It put me on edge. As I sat in the theater to watch Munich the other night, a preview of Flight 93, a movie about September 11th, came on: “EWR-SFO” gliding across a radar screen, with the voices of actors as passenger-heroes. The event is still too real to be faked and fictionalized already. I dread the dramatization and manipulation and having to ferret out exploitation from agenda.
But then I had to face all that in Munich, Steven Spielberg’s movie about what he wanted the story of the Palestinian murders of Israeli athletes at the Munich Olympics to be about.
Munich has all the subtlety of a terrorist attack.

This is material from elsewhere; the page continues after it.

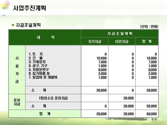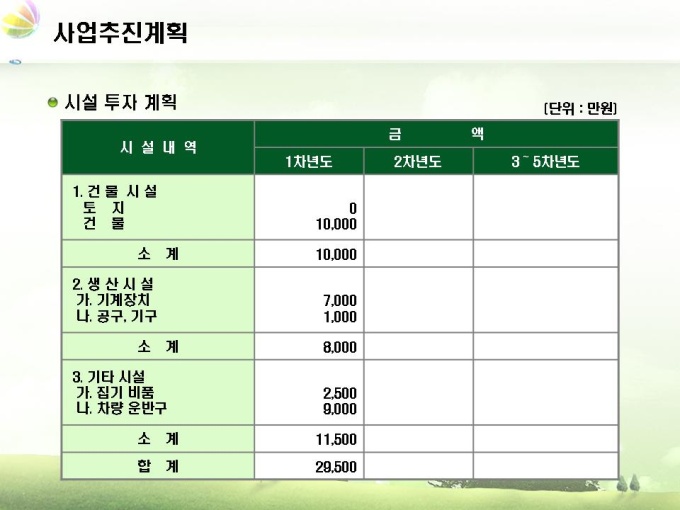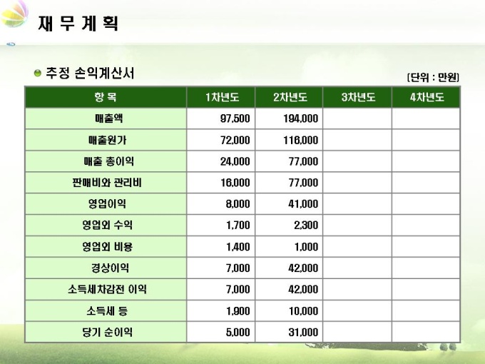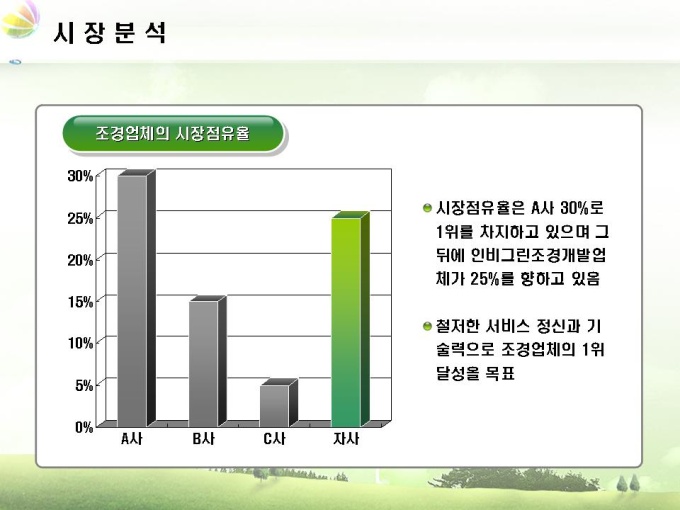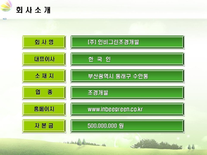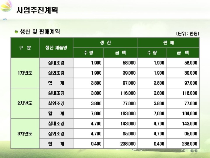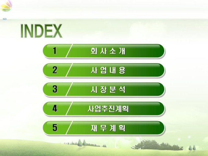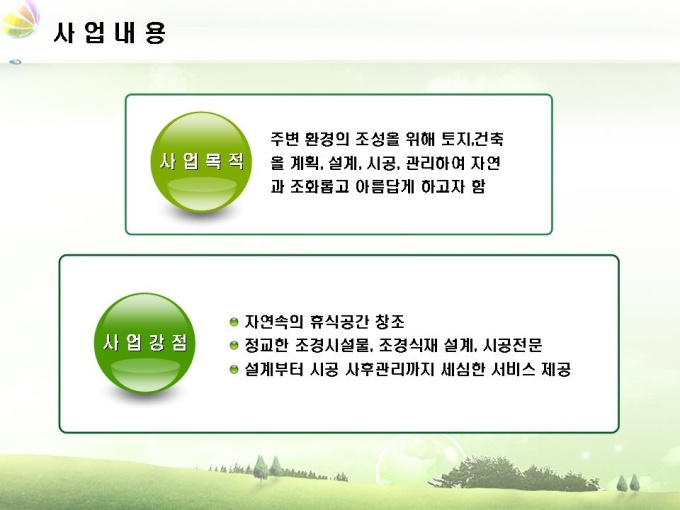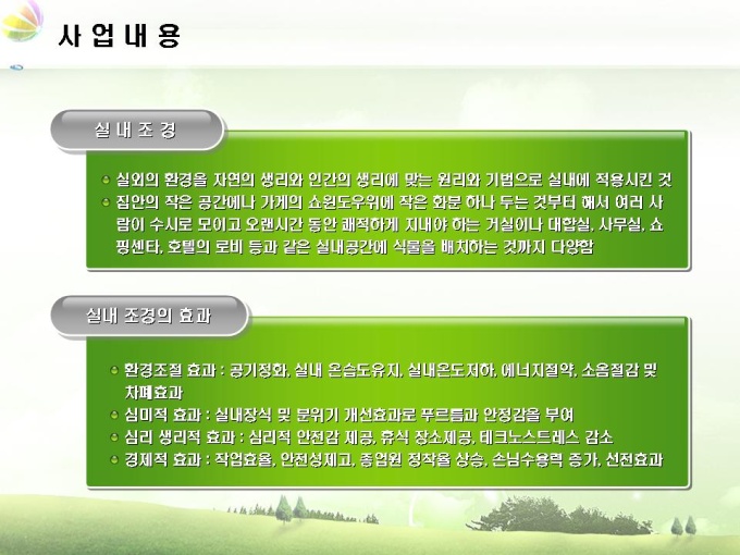 조경업체 사업계획서입니다. 목차는 1.회사소개 2.사업내용 3.시장분석 4.사업추진계획 5.재무계획으로 구성되어 있습니다.

Oh, the movie is impressively made. It’s Spielberg. But in the end, it can be reduced to the four key scenes in which Spielberg abandons drama and story-telling to hammer home his points like nails into the skull: There is the scene in which the oh, so likable Palestinian terrorist delivers his soliquey about not having a home. And then there is the scene in which the gentle Jewish toymaker and bombmaker wails and wonders about what it means to be decent when you have to fight to survive. And then there is the boggling juxtaposition between the story’s tortured hero shtupping his wife and the murder of the Israeli athletes; he explodes just as they do and, yes, violence is sex.

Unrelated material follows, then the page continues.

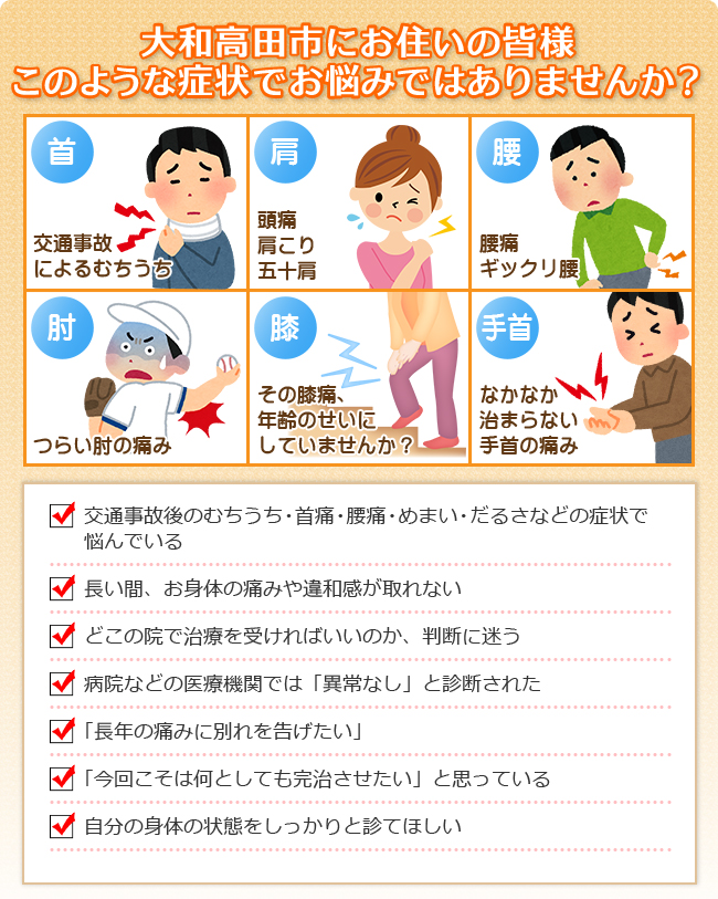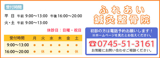 心当たりのある方はぜひ一度大和高田市のふれあい鍼灸整骨院までご相談ください。

But the worst is the final frame, when Spielberg adds back to the New York skyline the twin towers of the World Trade Center. And just what is he trying to say: That killing the terrorists was futile, for they kept killing? Or worse, perhaps, that 9/11 was a counterattack brought on by the counterattacks from our side? I wish he were trying to say that we must continue to hunt down the vermin who perpetrated 9/11 as Israel hunted down those who murdered in Munich. But he leaves little doubt that he is not.
And I wonder what demons Spielberg is using his considerable filmmaking talents to pacify. After his quite laudable recording and dramatization of the Shoah, is he now trying to be fair and balanced to Israel’s enemies? But I can’t imagine him saying that the architects of the Holocaust should not have been brought to justice. Did he instead — to paraphrase the old Air America bit — get the fax with the Hollywood agenda? Well, I don’t believe in conspiracies and cabals, even from Hollywood. Is he paying some penance for Hollywood’s years of glorifying violence? No, he has always been the sweet antidote to movies’ mayhem. In the end, I don’t much care what made him make Munich. But I did not like it. I left angry.
And now I feel even more on edge anticipating the 9/11 movies to come — Flight 93 and Oliver Stone’s and God knows what else that is headed into production.